A detailed analysis of the fraud cases revealed key loopholes in the management and regulatory agencies. Bumiller (2002) highlights these discrepancies as following: The auditors in addition to their primary role of being the company “watch-Dog” offered other significant non-audit consultancy services, which gave rise to conflict of interests.

The scandals also revealed that the board members had ignored their duties, some even did not have the necessary expertise to act as such; and therefore, they could not act independent of the management. Banks did not properly analyze the true credit worthiness of the firms or the nature of their activities, as it was in the case of Enron. The executive compensation plans such as the stock options and bonus, coupled with the volatile stock prices waxed pressure on management. Consequently, based on the attractiveness of this form of compensation, management became highly abused.

The benefits of SOX

SOX ensures transparency and reliability of financial reports that helps to increase the investor’s confidence. Henselmann and Hofmann (2006) posit that, “in 2005, the Institute of Internal Auditors reported that corporations had improved their internal controls and that financial statements were perceived to be more reliable” (p.49).

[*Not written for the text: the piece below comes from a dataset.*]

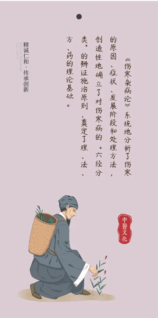 《伤寒杂病论》系统地分析了伤寒的原因、症状、发展阶段和处理方法,创造性地确立了对伤寒病的“六经分类”的辨证施治原则,奠定了理、法、方、药的理论基础。

It has also helped to cultivate a culture of good ethics in management instilling transparency, which enables employees to be responsible for their actions. According to Theodore (2006), the benefits of SOX to small and medium sized companies include continued evaluation on both documented financial and IT processes (p.5). Also due to developed financial control and IT processes, the company becomes more attractive both from the IPO or the acquirer’s point perspective.

The Costs of SOX

The implementation of SOX leads to extra costs as auditing fees and insurance for directors among other inevitable expenses like legal costs. In 2007, the estimated cost of implementation of Sox was estimated to amount to $4.7 million according to Finance Executive International. Other surveys carried on the same reveal that the compliance costs are substantially high.

Conclusion

The passage and implementation of the SOX Act has successfully helped in improving financial management and regulation of stock markets. It has also helped in wining the investors trust in the stock market. However, it is arguable that the costs incurred in its implementation process are significant and unnecessary.

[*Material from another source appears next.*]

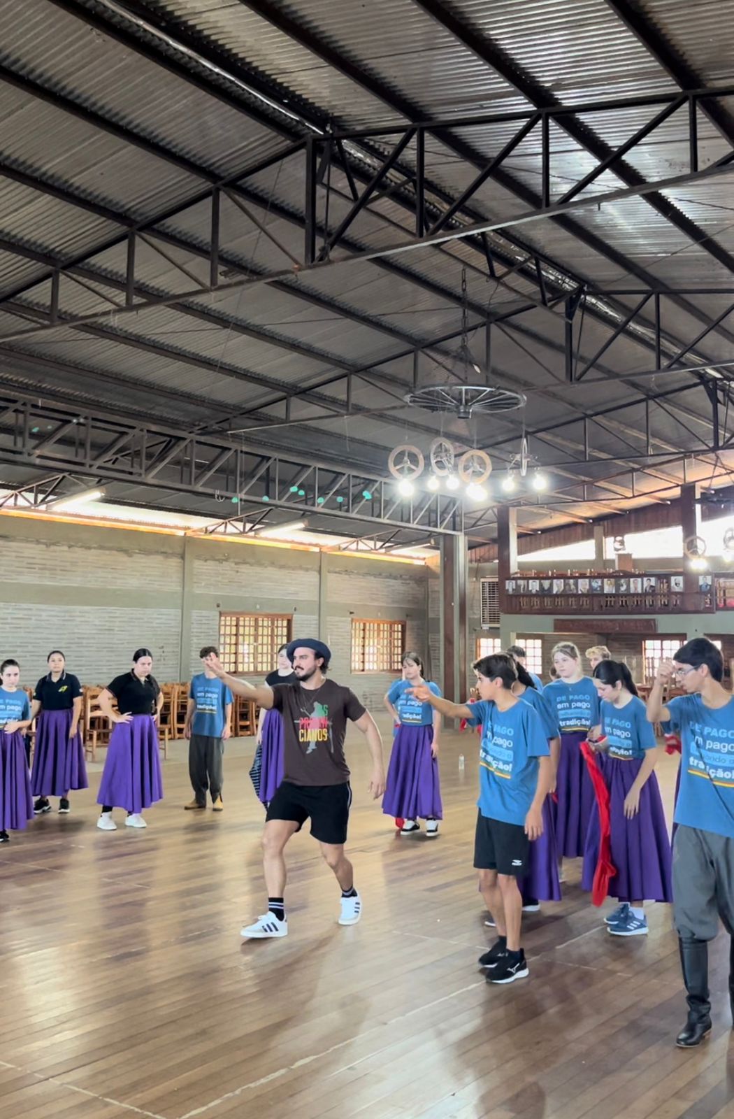 À frente dos trabalhos estão os instrutores Jean e Andrieli Huber, nomes reconhecidos no Movimento Tradicionalista Gaúcho (MTG). O casal acumula conquistas importantes, entre elas o título no ENART, na Força A de Danças Tradicionais, além de resultados expressivos no MateArte 2025, promovido pela 20ª Região Tradicionalista. Sob sua orientação, as invernadas Pré-Mirim, Mirim e Juvenil do CTG Pompílio Silva vêm conquistando troféus e elevando o nível técnico e artístico da entidade.

Butler & Ribstein (2006) proposes that in Place of SOX, there exist many other strategies such as diversification of stock investment by the investors as a way of managing such risks efficiently (p.36). In conclusion, despite the costs that may result while implementing the SOX requirements, it should be emphasized that the act has great benefits to companies, investors, and market players.

References

Bumiller, E. (2002). Corporate Conduct: The President; Bush Signs Bill Aimed At Fraud in Corporations. The New York Times. Web.

Butler, H., & Ribstein, L. (2006). The Sarbanes-Oxley Debacle: What we’ve learned; How to Fix It. Washington, D.C: The AEI Press.

Henselmann, K., & Hofmann, S. (2010). Accounting Fraud: Case Studies and Practical Implications. Berlin: Schmidt Erich Verlag.

Theodore, F. (2006). Sarbanes-Oxley-Newfound Benefits. E-commerce Times, 40, 23-24.